Using mean value theorem,

$$\begin{aligned}&\tanh {(\tau _1+\varepsilon _{u^*})}-\tanh {(\tau _1)}=\tanh ^{'}{(q)}\varepsilon _{u^*} \nonumber \\&=(I_m-diag(\tanh ^2{(q)}))\varepsilon _{u^*} \end{aligned}$$

(82)

where \(q \in {\mathbb {R}}^m\) and \(q_i \in {\mathbb {R}}\) lying between \(\tau _{1i}\) and \(\tau _{1i}+\varepsilon _{u^*_i}\).

Now, using the expression for \(\varepsilon _{u^*}\) in (82), \(\tanh {(\tau _1+\varepsilon _{u^*})}\) can be rewritten as:

$$\begin{aligned} \tanh {(\tau _1+\varepsilon _{u^*})}&=\tanh {(\tau _1)}+(I_m-diag(\tanh ^2{(q)})) \nonumber \\&\quad \times \left( \frac{1}{2u_m}R^{-1}{\hat{G}}^T\nabla {\varepsilon }(z)\right) \end{aligned}$$

(83)

Multiplying \(-u_m\) on both sides,

$$\begin{aligned} -u_m\tanh {(\tau _1+\varepsilon _{u^*})}&=-u_m\tanh {(\tau _1)} \nonumber \\&\quad -\frac{1}{2}(I_m-diag(\tanh ^2{(q)})) \nonumber \\&\quad \times \left( R^{-1}{\hat{G}}^T(z)\nabla {\varepsilon }(z)\right) \end{aligned}$$

(84)

Hence proved. \(\square \)

Lemma 4

Following vector inequality holds true:

$$\begin{aligned} \Vert \tanh {(\tau _1(z))}-\tanh {(\tau _2(z))}\Vert \le T_m \le 2\sqrt{m} \end{aligned}$$

(85)

where \(T_m=\sqrt{\sum _{i=1}^mmin(|\tau _{1i}-\tau _{2i}|^2,4)}\), \(\tau _1(z)\) and \(\tau _2(z)\) both belong in \({\mathbb {R}}^m\); therefore, \(\tanh {(\tau _i(z))} \in {\mathbb {R}}^m,~i=1,2\).

Proof

Since, \(\tanh {(.)}\) is 1-Lipschitz, one can write,

$$\begin{aligned} \begin{aligned} |\tanh {(\tau _{1i})}-\tanh {(\tau _{2i})}| \le |\tau _{1i}-\tau _{2i}| \end{aligned} \end{aligned}$$

(86)

Therefore, using the above inequality and the fact that \(-1\le \tanh {(.)} \le 1\)

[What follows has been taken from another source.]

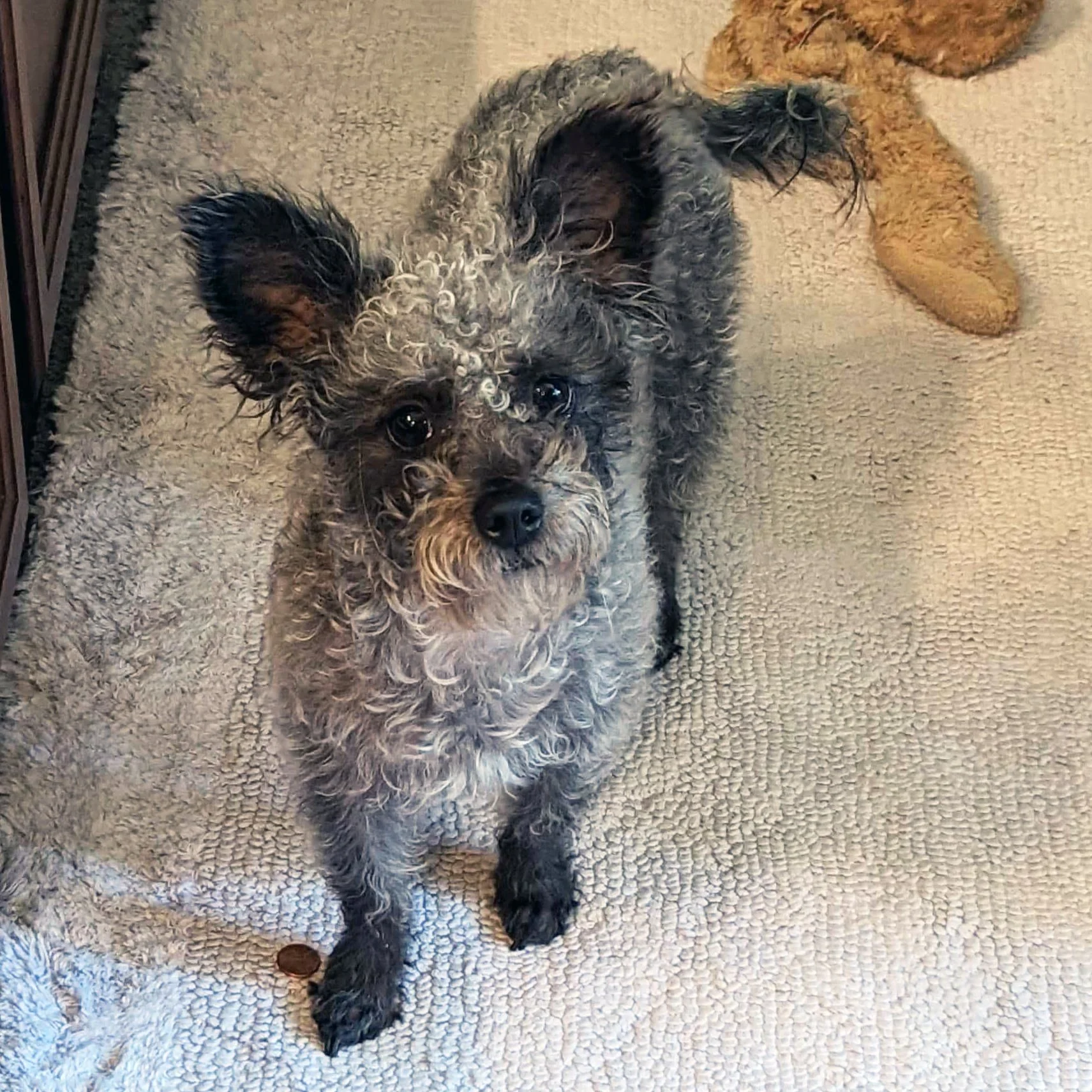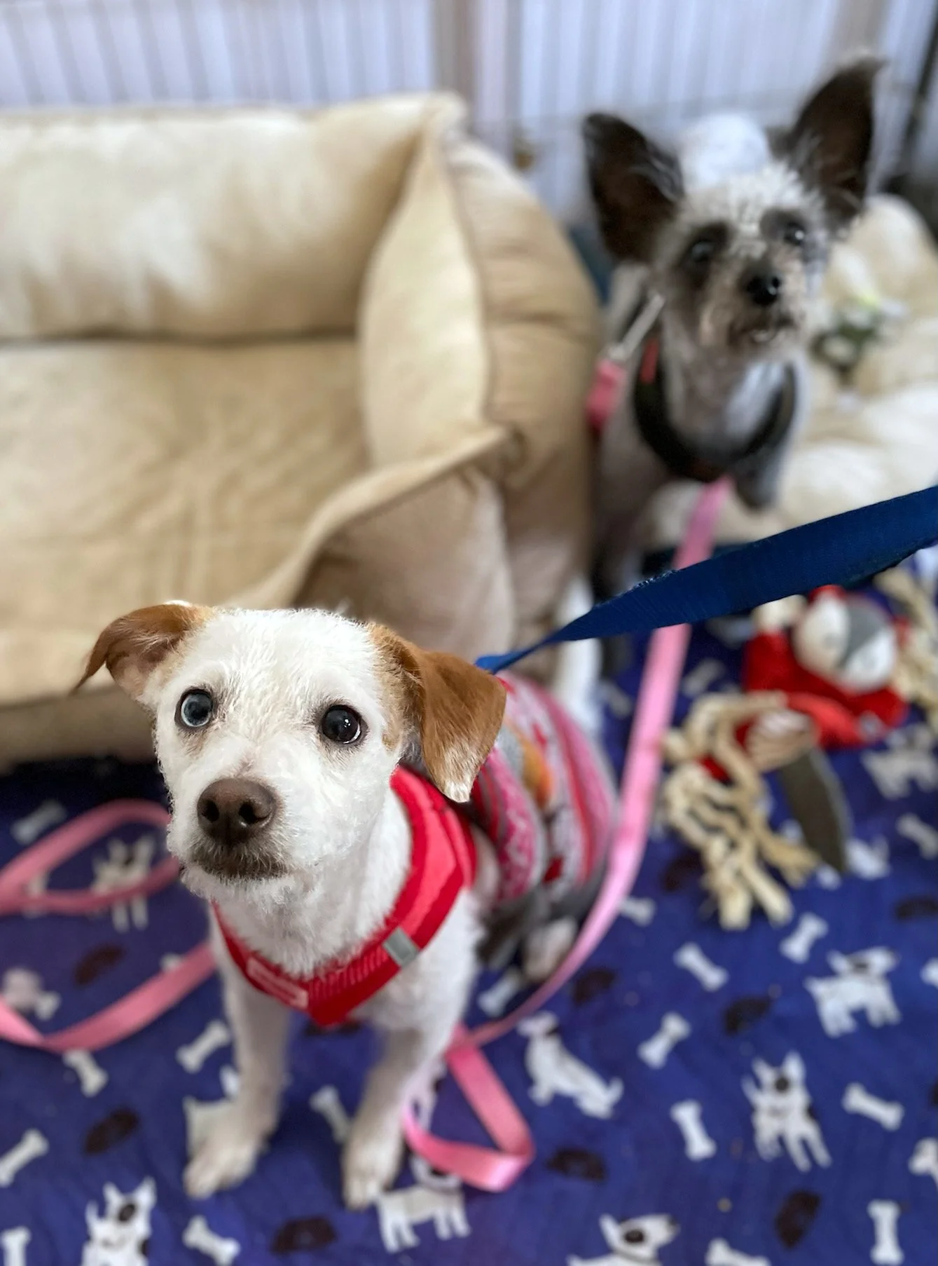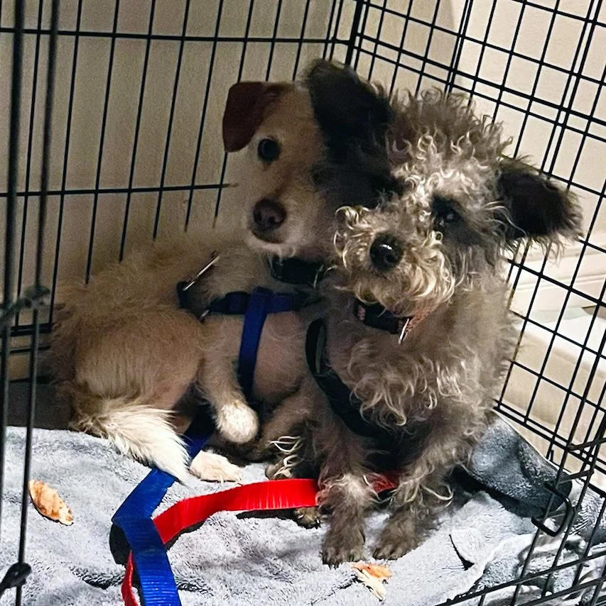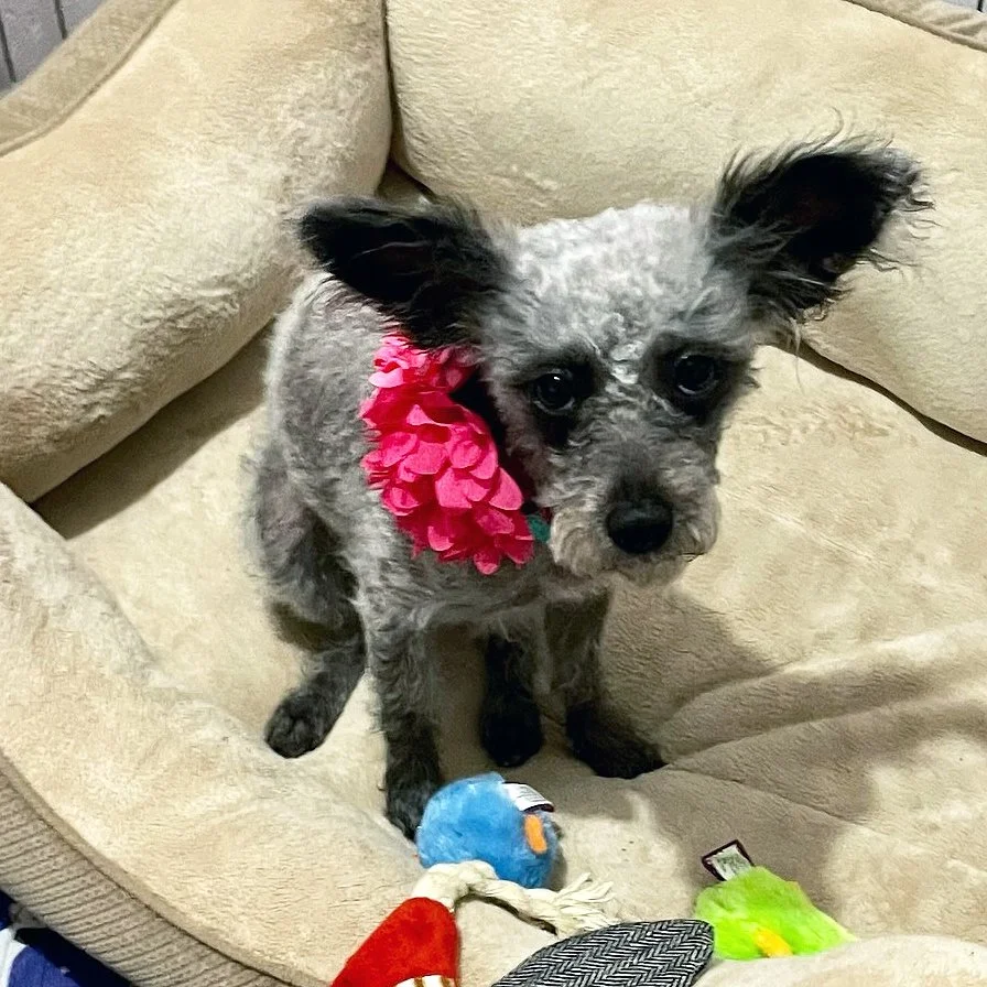Hello! My name is Pepper. My brother Salt and I came into rescue after our dad lost his home and became overwhelmed with caring for multiple dogs while living on the streets. I'm used to looking out for my siblings and my dad, so I bark a lot when meeting new people. But once I get to know you, we'll be best buds!

$$\begin{aligned} \begin{aligned} \Vert \tanh {(\tau _1(z))}-\tanh {(\tau _2(z))}\Vert ^2&= \sum _{i=1}^m|\tanh {\tau _{1i}}-\tanh {\tau _{2i}}|^2\\&\le \sum _{i=1}^mmin(|\tau _{1i}-\tau _{2i}|,2)^2\\&\le \sum _{i=1}^mmin(|\tau _{1i}-\tau _{2i}|^2,4) \end{aligned} \end{aligned}$$

(87)

One can also see, using the absolute upper bound of \(\tanh {(.)}\).

$$\begin{aligned} \sum _{i=1}^mmin(|\tau _{1i}-\tau _{2i}|^2,4)\le 2\sqrt{m} \end{aligned}$$

(88)

which implies,

$$\begin{aligned} \begin{aligned} \Vert \tanh {(\tau _1(z))}-\tanh {(\tau _2(z))}\Vert \le T_m \le 2\sqrt{m} \end{aligned} \end{aligned}$$

(89)

\(\square \)